As imagens, explicou Nóvoa, representam a ideia da escola como um local de trabalho dos alunos, ou seja, um ambiente onde estudam, pesquisam e escrevem. Segundo o pesquisador, a ideia do trabalho deve ser central para a transformação da educação no século 21. "Para isso, novos ambientes educativos devem ser criados”, disse.

António Nóvoa explicou que a visão da educação como local de trabalho foi corroborada em reunião realizada pela Organização das Nações Unidas para a Educação, a Ciência e a Cultura (Unesco) no ano passado. O encontro gerou um relatório que traz cinco ideias-chave para o futuro da educação: cooperação pedagógica para criar condições de aprendizagem mútua entre os alunos; convergência dos saberes nos currículos; colaboração na formação dos professores; convivialidade nas escolas; capilaridade, ou seja, a extensão da visão da escola como espaço público de educação.

“Gostaria de frisar duas dessas ideias, que são a convivialidade e a capilaridade.

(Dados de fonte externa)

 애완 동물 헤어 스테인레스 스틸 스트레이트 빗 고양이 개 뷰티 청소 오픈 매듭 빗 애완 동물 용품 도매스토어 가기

A primeira é essencial porque o ambiente escolar, ao contrário do que muitos têm pregado, não pode ser substituído pelo ambiente familiar, pois este é feito pelos iguais e não possibilita o convívio com o diferente, o que é essencial para o desenvolvimento das pessoas. Já a capilaridade pode ser relacionada ao conceito de ‘cidade educadora’ de Paulo Freire. Trata-se da educação como parte do espaço público”, disse.

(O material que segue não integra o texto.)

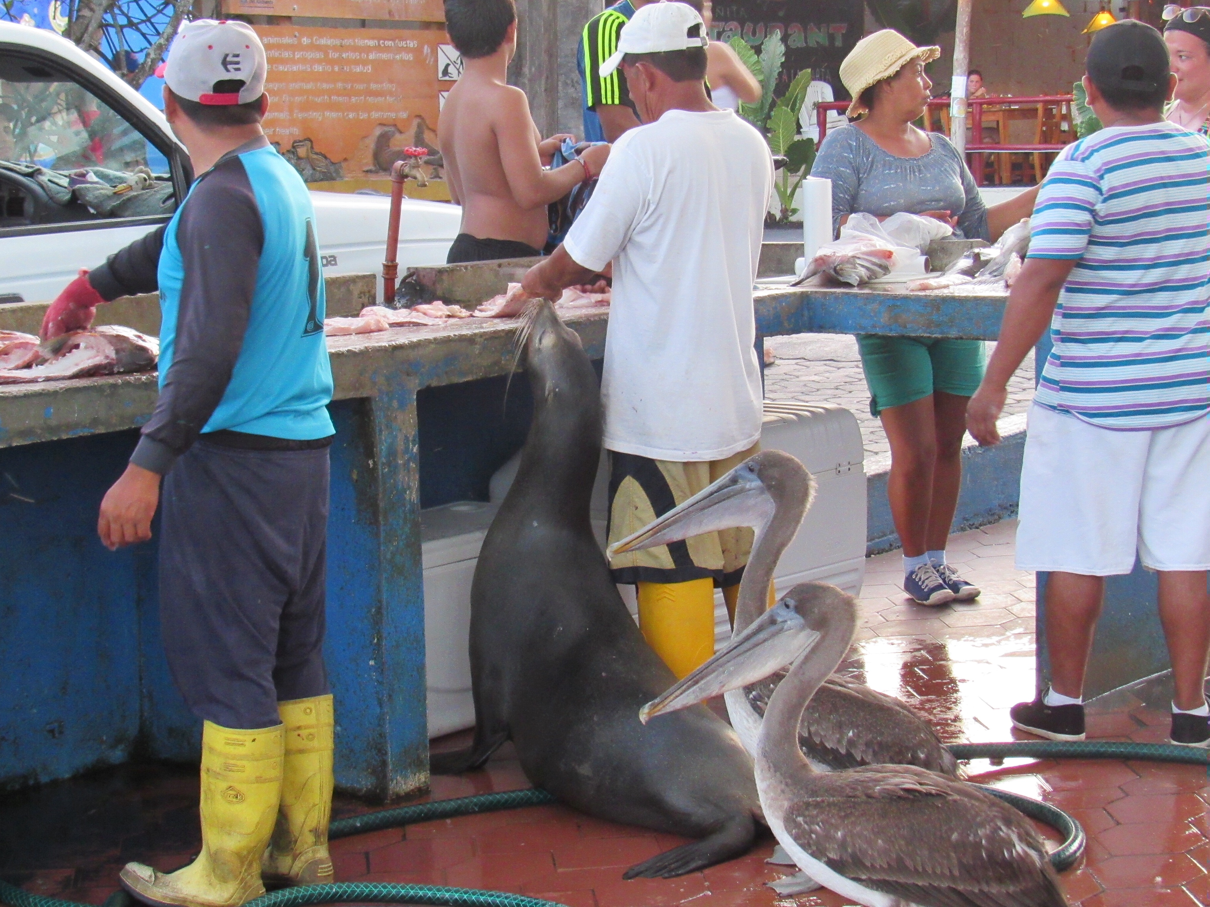 Wildlife is everywhere in the Galapagos and so many of the quirky creatures seem unfazed by humans and mingle in the funniest ways. Penguins and dolphins frolic in the bays and pelicans and sea lions shop at the fish market.

Pesquisador explicou os três pilares essenciais para a formação de professores
Nóvoa indicou os três pilares essenciais para a formação de professores Foto: Raphaella Dias | UFMG

Formação de professores
Outro ponto abordado por António Nóvoa durante a conferência foi a importância da formação de professores para a transformação da educação. O professor contou que a primeira preocupação que lhe vem à cabeça é o desuso da palavra ‘professor’, que vem sendo substituída por ‘facilitador’, ‘tutor’ e ‘gestor’. Nóvoa afirmou que esse desuso é um dos indícios da diminuição da presença forte, organizada e institucional da profissão.

Segundo ele, a formação dos professores deve ser universitária, e não em nível médio ou técnico. Além disso, deve estar alicerçada em três pilares principais. Em primeiro lugar, precisa se basear em um conhecimento profissional docente. Em segundo, essa formação deve se desenvolver no seio de um coletivo de professores. Finalmente, ela  deve ocorrer em um espaço institucional próprio.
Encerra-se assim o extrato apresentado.